* The problem
In this exercise, retype exactly the lines from the start of the entries through the line bearing "8. Loosen the", leaving every picture out.

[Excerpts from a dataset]
....
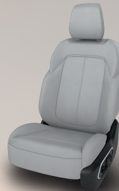
Soul and Soulmate Cloth with Labrinth Embossed Seats and Light Tungsten Accent Stitching – Global Black / Arctic (Standard)
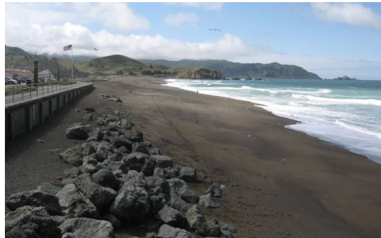
Sharp Park, July 2010 (left) and May 2011 (right). Where is there more deposition of sand?
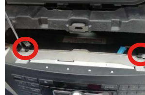
8. Loosen the fixing screws of the original HOST, and take it out.
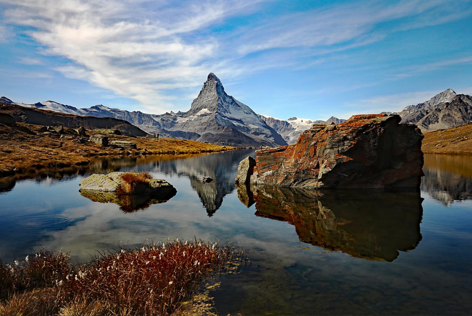
PCP DIPLOMA 3rd | ELISABETH AEMMER, Switzerland, Am Stellisee
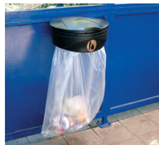
Glasdon Orbit™ Bag Holder
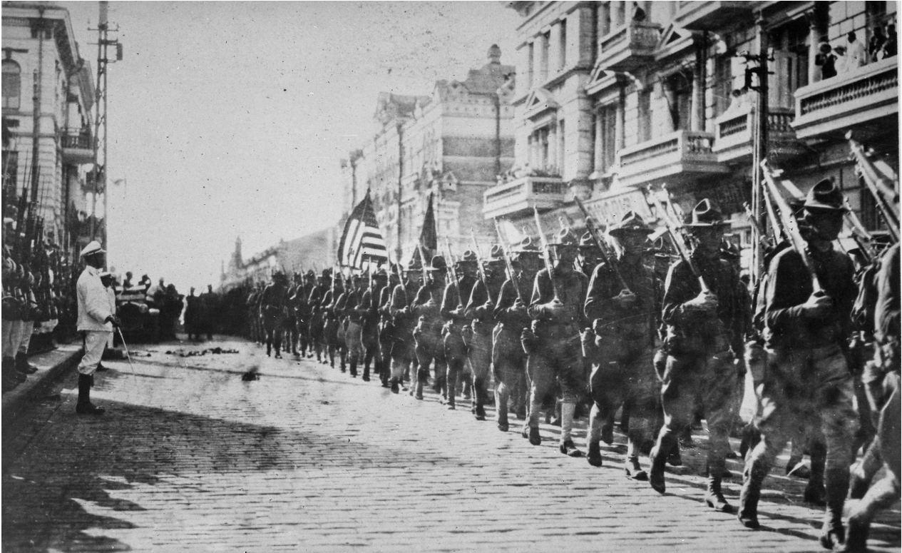
US Occupation Troops in Vladivostok 1918

DV: What are the nuclear capabilities of the U.S.'s main rivals today?
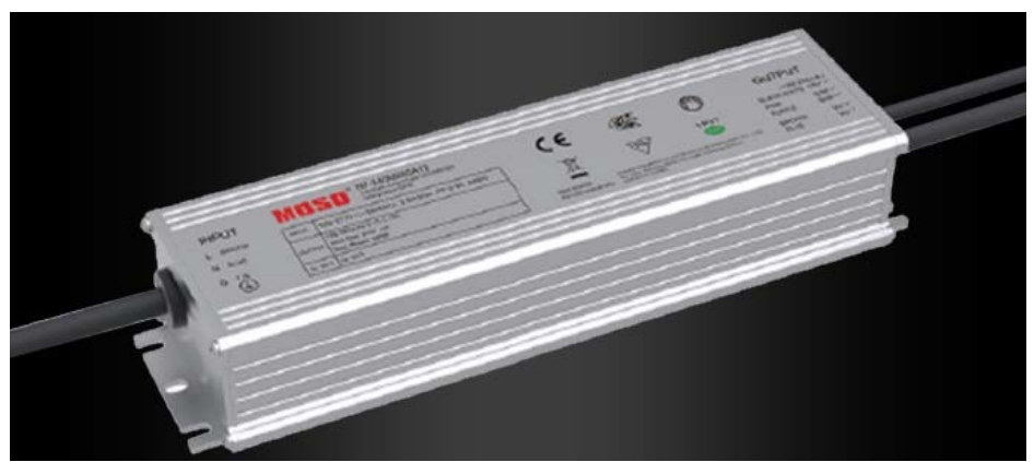
Famous brand Moso driver Lightning proof, explosion proof waterproof and dustproof: Effectively ensure the lamp LED chips continue to highlight; high stability flicker-free.
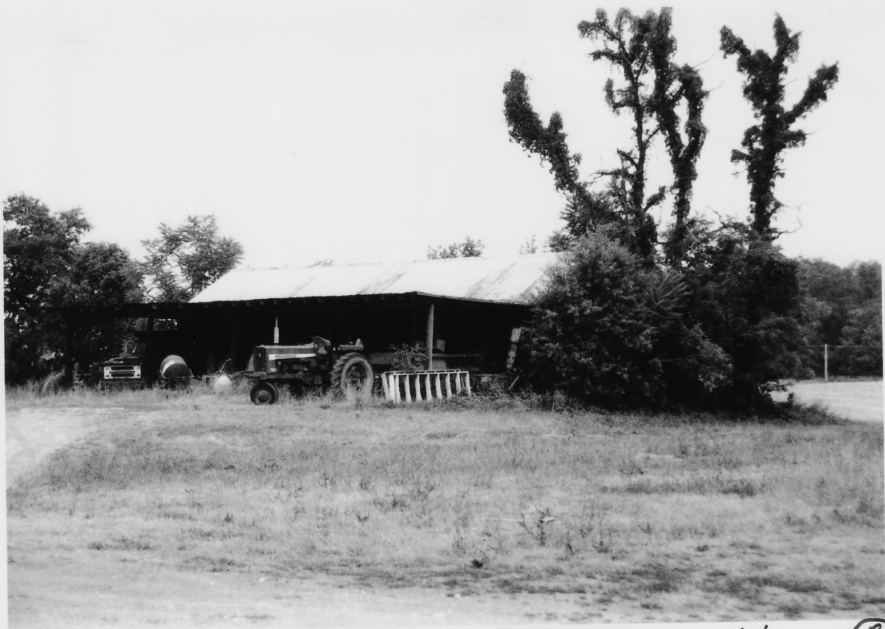
STRODE - MORRISON - TABLER HSE., BERKELEY CO., WV
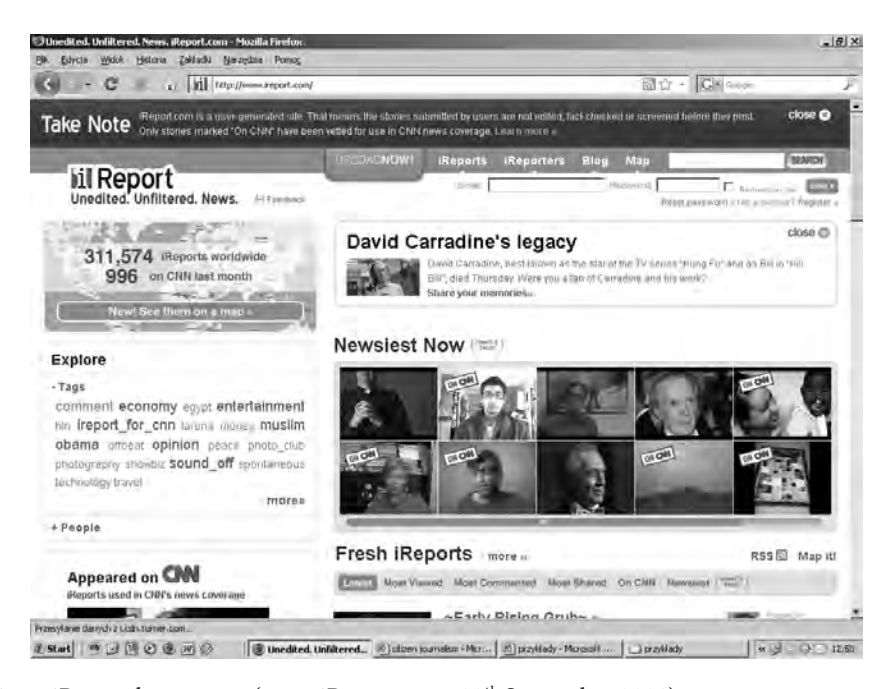
Fig. 1. iReport home page (www.iReport.com, 20th September 2009)

Ziomek J. 1990. Retoryka opisowa. Wrocław.
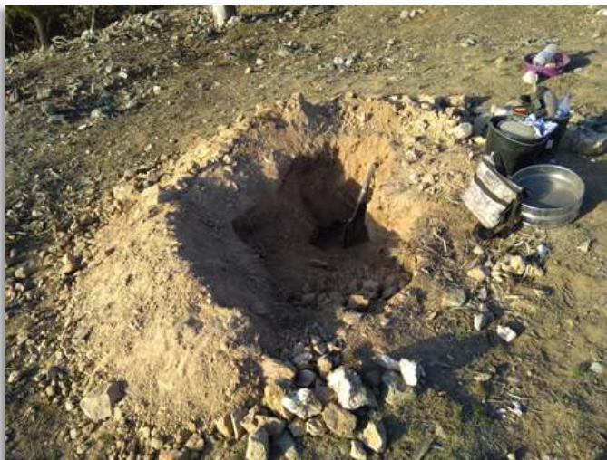
I hope there are crystals at the bottom of that hole!

The first time I went to Muttama I specc'd a nice crystal on top of the hill, it was full of lovely fractures which gave a rainbow spectrum of colours when the light hits it at the right angle. Ever since I have been searching for the source of the rainbow crystals, but I have been back three times now and still haven't found it. Last trip I dug a hole slightly downhill from where I found the first crystal and found several more rainbow crystals but they were all floaters. The nicest crystal point I had made into a silver necklace. It is about 5cm long and very sparkly bling, the picture doesn't do it justice. - Dron
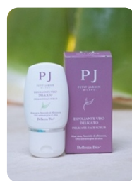
Delicate Face Scrub
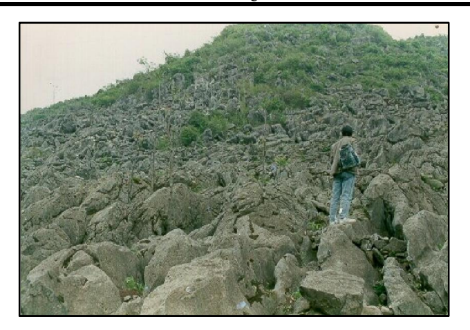
Figure 1. Typical landscape of a rocky desert in southwest China (Yuan, 1997)
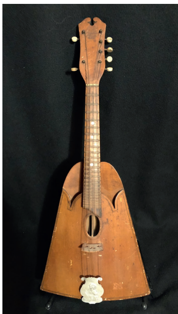
Oberhoffer's Mandolin=Violin Völklingen; 1900s
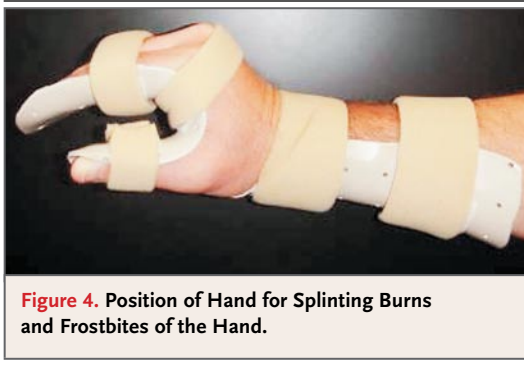
Figure 4. Position of Hand for Splinting Burns and Frostbites of the Hand.

particles. 62 The important exception to the treatment of a chemical burn with water lavage involves injury from the elemental metals (i.e., lithium, sodium, magnesium, and potassium), which spontaneously ignite with water. Exposure to hydrofluoric acid, which is used in etching and rust removal, leads to intense pain and tissue damage. 62,63 Treatment includes copious irrigation followed by the application of calcium gluconate gel or subcutaneous injection of calcium gluconate, with the goal of relieving the pain. A burn from hydrofluoric acid that involves more than 5% of total body-surface area, or more than 1% of total body-surface area if the concentration of hydrofluoric acid is greater than 50%, requires
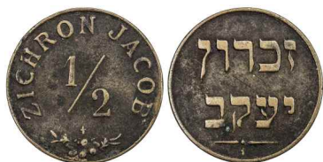
695. OTTOMAN PALESTINE: Zichron Jacob, after 1885, brass ½ piastre (3.33g), Haffner-CC.17B, 23mm, name in English on one side, in Hebrew on the other side, minor discoloration, decent VF $350 - 450
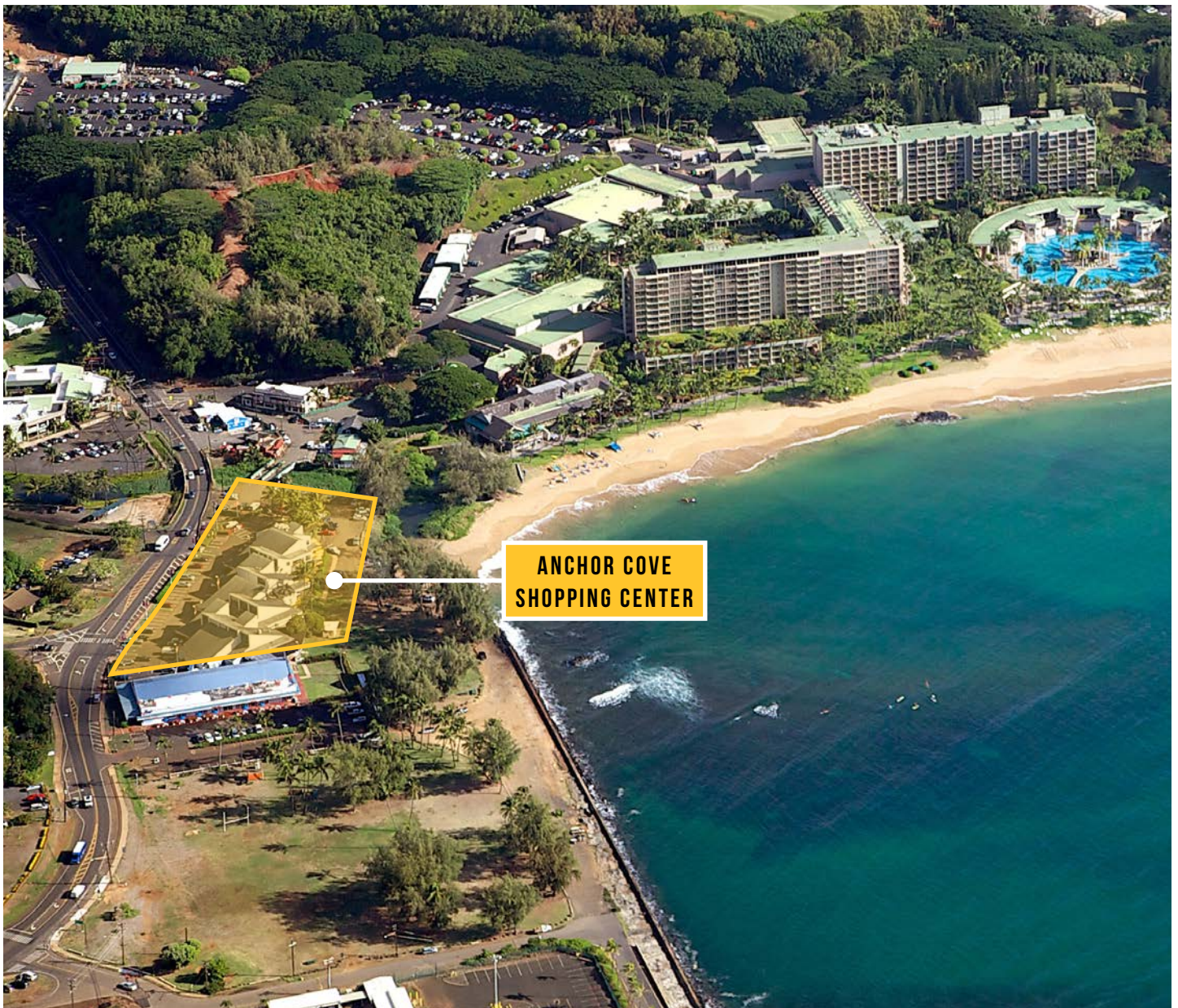
ANCHOR COVE SHOPPING CENTER
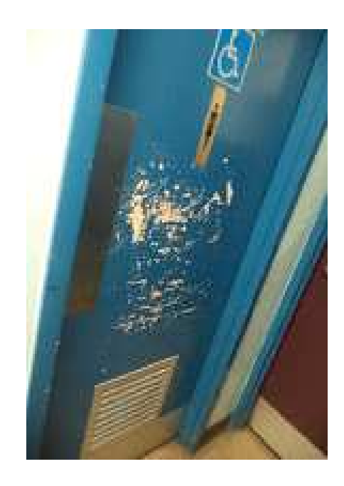
"Paint the doors"
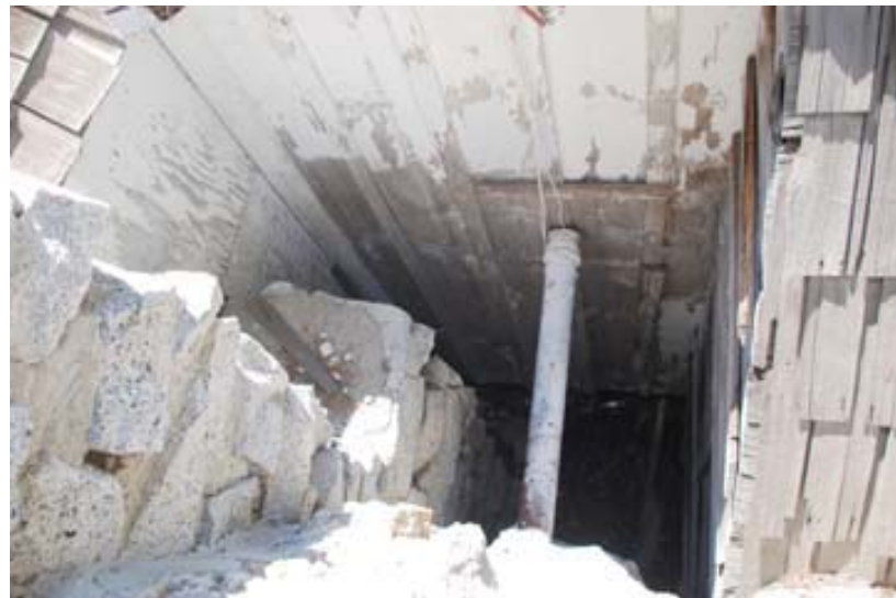
Inaccessible Area Adjacent to Chimney
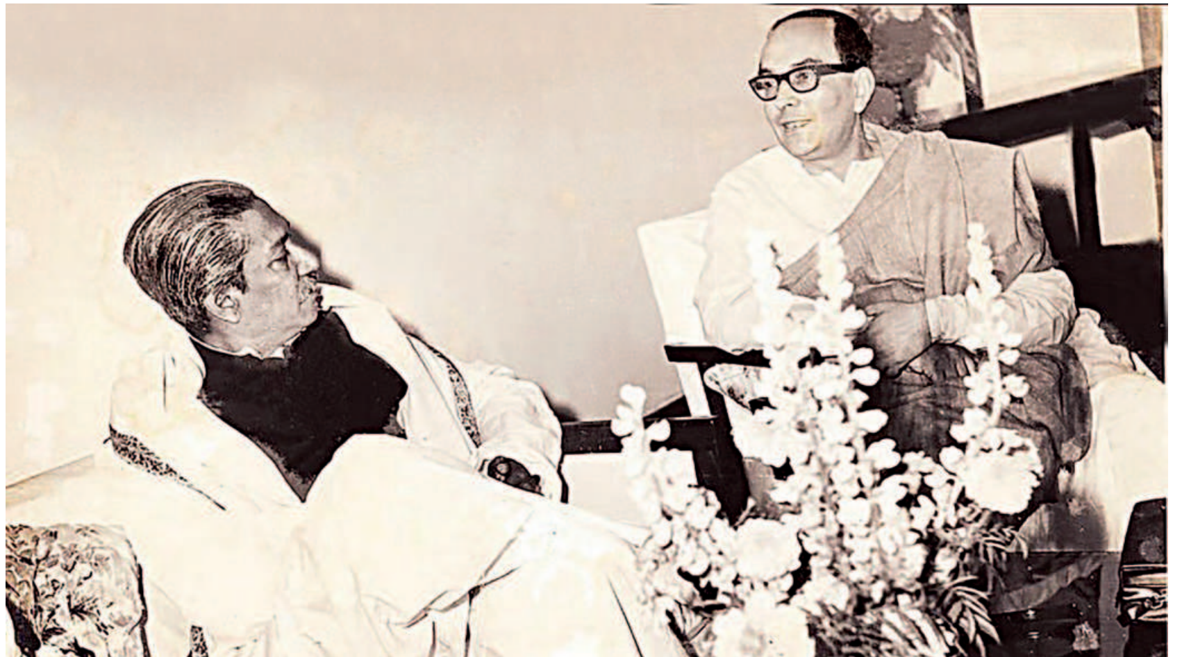
Bangabandhu Sheikh Mujibur Rahman and Sisir Kumar Bose in Dhaka, January 1972.

As previously mentioned regarding the Indian Ocean and Bay of Bengal, it's crucial to focus on the eastern regions of India and Bangladesh to explore the potential for extending our communication networks with eastern Asia and Southeast Asia. This strategic approach could significantly enhance our economic prospects. Notably, significant progress has been
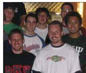
Tales of the Road Warriors page 8
....
* Your solution
Soul and Soulmate Cloth with Labrinth Embossed Seats and Light Tungsten Accent Stitching – Global Black / Arctic (Standard)
Sharp Park, July 2010 (left) and May 2011 (right). Where is there more deposition of sand?
8. Loosen the fixing screws of the original HOST, and take it out.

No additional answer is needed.